— Невообразимо, — пробормотал Гилрой.
В стороне был пульт оператора с таким же набором кнопок, за которым располагался Фленсберг.
— И что же предстало вашим глазам, доктор Парментье?
— Из третьего барака доставили двоих заключенных; оба были мужчинами. И того и другого привязали к стульям, оставив свободными только руки. Из-за своего пульта Фленсберг обратился к заключенному, скажем «А», и приказал ему нанести заключенному «Б» (по другую сторону стекла) удар силой в пятьдесят вольт, или же он, Фленсберг, накажет его за неповиновение.
— И заключенный «А» сделал то, что было ему сказано?
— Не сразу.
— И Фленсберг наказал его ударом. тока?
Да. «А» закричал.
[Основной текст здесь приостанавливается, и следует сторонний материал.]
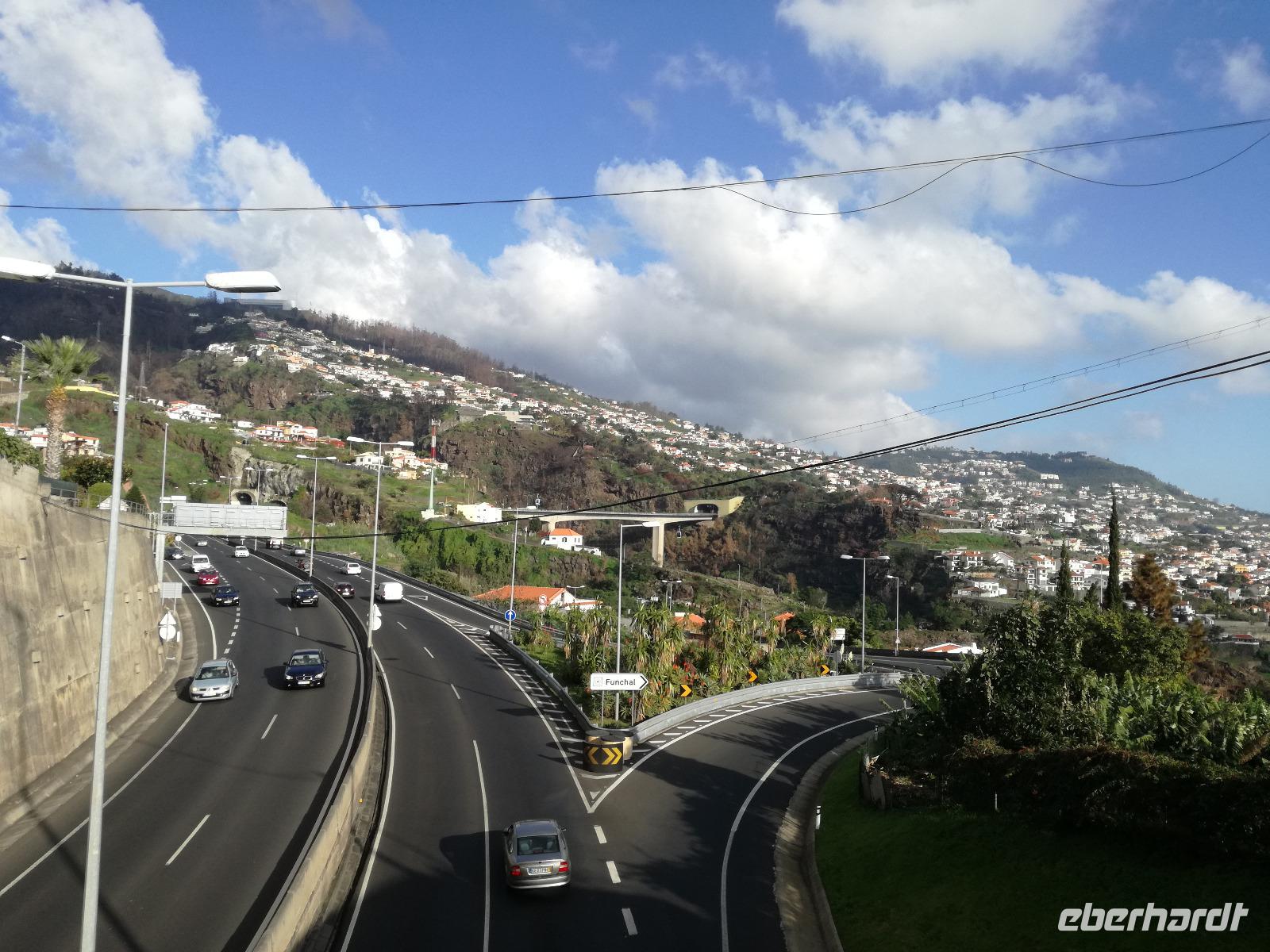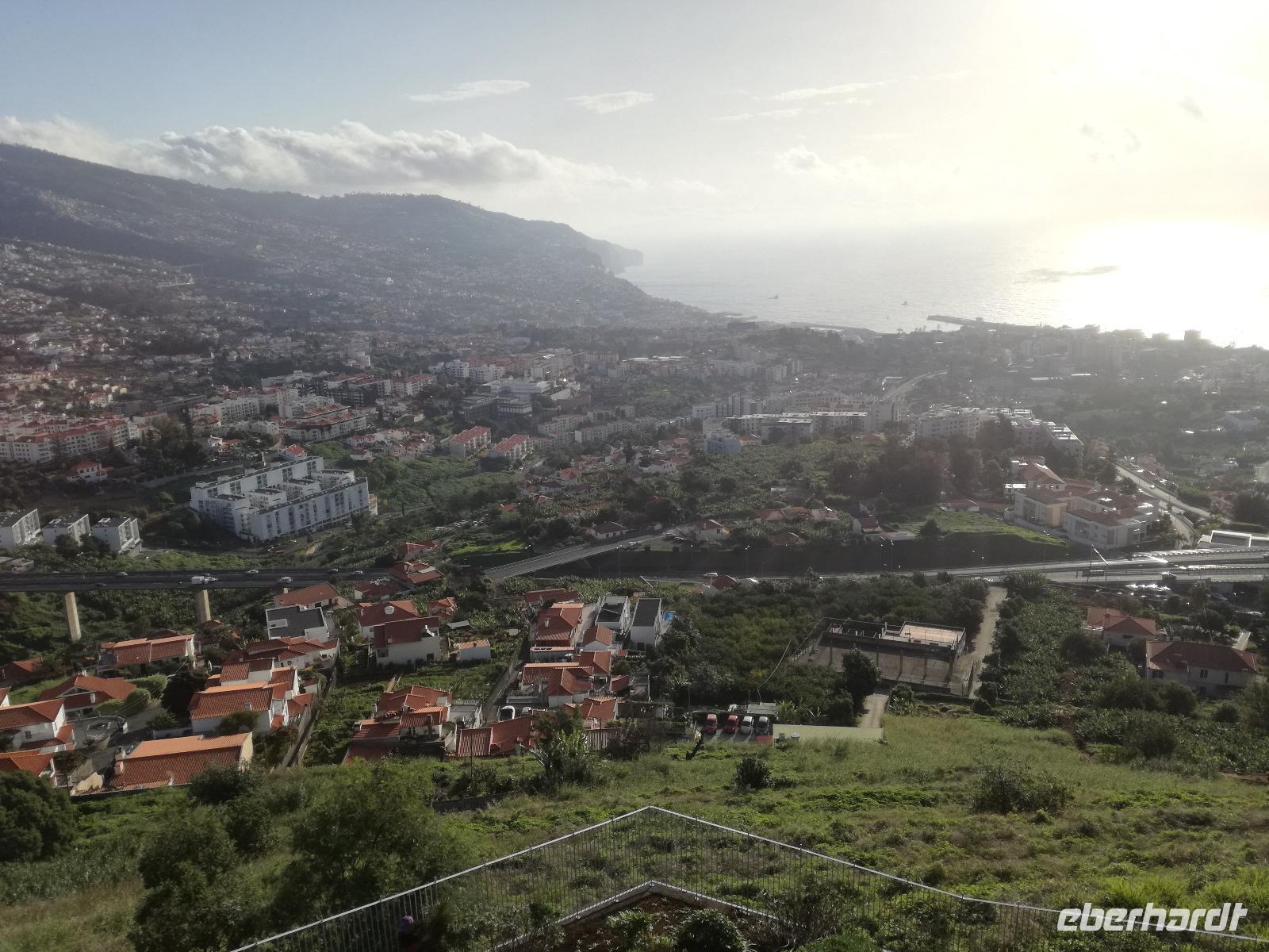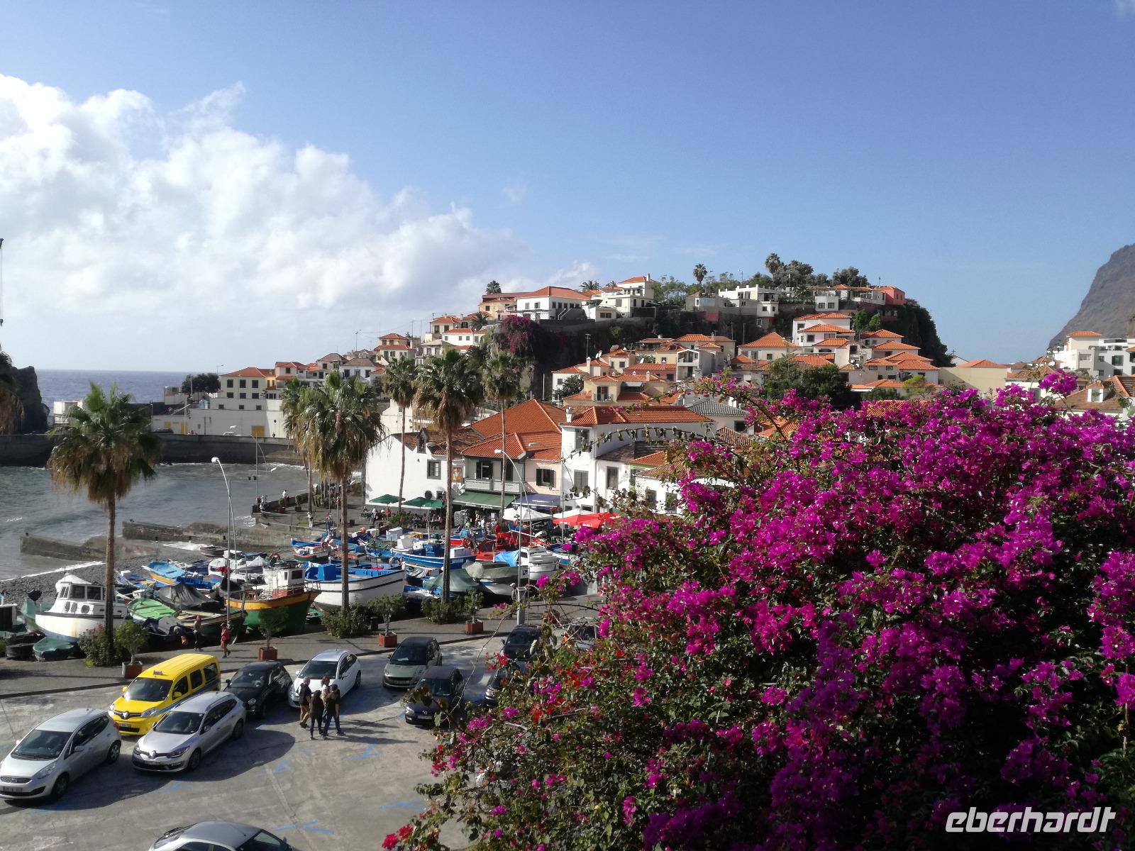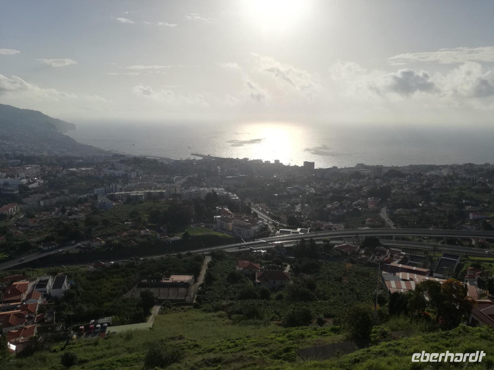 Um 9 Uhr brachen wir nach einem gemeinsamen Frühstück auf in Richtung Funchal. Am Aussichtspunkt Pico dos Barcelos machten wir einen ersten Stopp. Von hier aus bekamen wir einen herrlichen Ausblick auf die Bucht von Funchal, sowie die Hauptstadt und größte Stadt der Insel. Anschließend fuhren wir weiter nach Eira do Serrado. Die kleine Straße führte uns immer entlang oberhalb des Nonnentals, von wir einen hervorragenden Ausblick hatten. In Eira do Serrado bekamen wir einen weiteren tollen Ausblick in das Nonnental. Tief unten im Tal befindet sich das Dorf Curral das Freiras. Von der Aussichtsplattform erscheint das Dorf wie ein kleines Spielzeugdörfchen in der Ferne. Nach unserem Aufenthalt in Eiro do Serrado fuhren wir weiter nach Camara de Lobos. Das malerische Fischerdörfchen inspirierte bereits Winston Churchill. Bei einem Dorfrundgang zeigte uns Paula den Hafen, die kleine Kirche und den Churchill Place, von dem Churchill Camara de Lobos malte. Weiter führte uns unsere Route zur höchsten Steilklippe Europas. Beim Cabo Girao wurde eine durchsichtige Plattform errichtet. Von hier aus hatten wir einen einmaligen Blick und konnten die gewaltige Steilklippenformation bestaunen. Nach einem Mittagessen in Ponto do Sol fuhren wir zum Centro de Bananicultura. Paula zeigte uns die Anlage und erklärte uns alles über den Bananenanbau, die Züchtung und den Lebenszyklus der Bananenpflanzen. Am Nachmittag genossen wir ein wenig Freizeit in unserem Hotel, eher es am Abend zurück in die Hauptstadt ging. Unser Spezialitäten-Abendessen nahmen wir über den Dächern von Funchal ein. Die Espetata-Spieße sind ein traditionelles Gericht der Insel. Auf der Dachterrasse konnte man nochmals den wundervollen Ausblick über Funchal genießen und konnte bereits erahnen, was die anschließende Lichterfahrt für uns bereit hält. Vom Restaurant fuhren wir entlang wundervoll geschmückter Straßen, bezaubernd beleuchteter Kirchen und schön geschmückten Park durch Funchal. Wir sahen das schön angeleuchtete Kasino und das Haus des Präsidenten. Die ganze Stadt wirke wie ein bezaubernd dekoriertes Lichtermeer. Völlig entzückt fuhren wir zurück zum Hotel.

Фленсберг снова приказал ему поразить «Б» током. Заключенный «А» сопротивлялся, пока через его тело не был пропущен ток напряжением в двести вольт, после чего он начал подчиняться приказам, и заключенный «Б» стал корчиться от ударов тока.
— То есть суть данных экспериментов заключалась в том, чтобы заставить людей причинять боль другим, с целью избежать ее самим.
— Да. Повиновение из страха.
— Подчиняясь командам Фленсберга, заключенный «А» начал причинять мучения заключенному «Б». Разве он не понимал и не видел, что делает со своим товарищем по несчастью?
— И видел, и слышал.
— Какое напряжение заключенный «А» использовал, подчиняясь приказам?
— Он практически убил второго заключенного.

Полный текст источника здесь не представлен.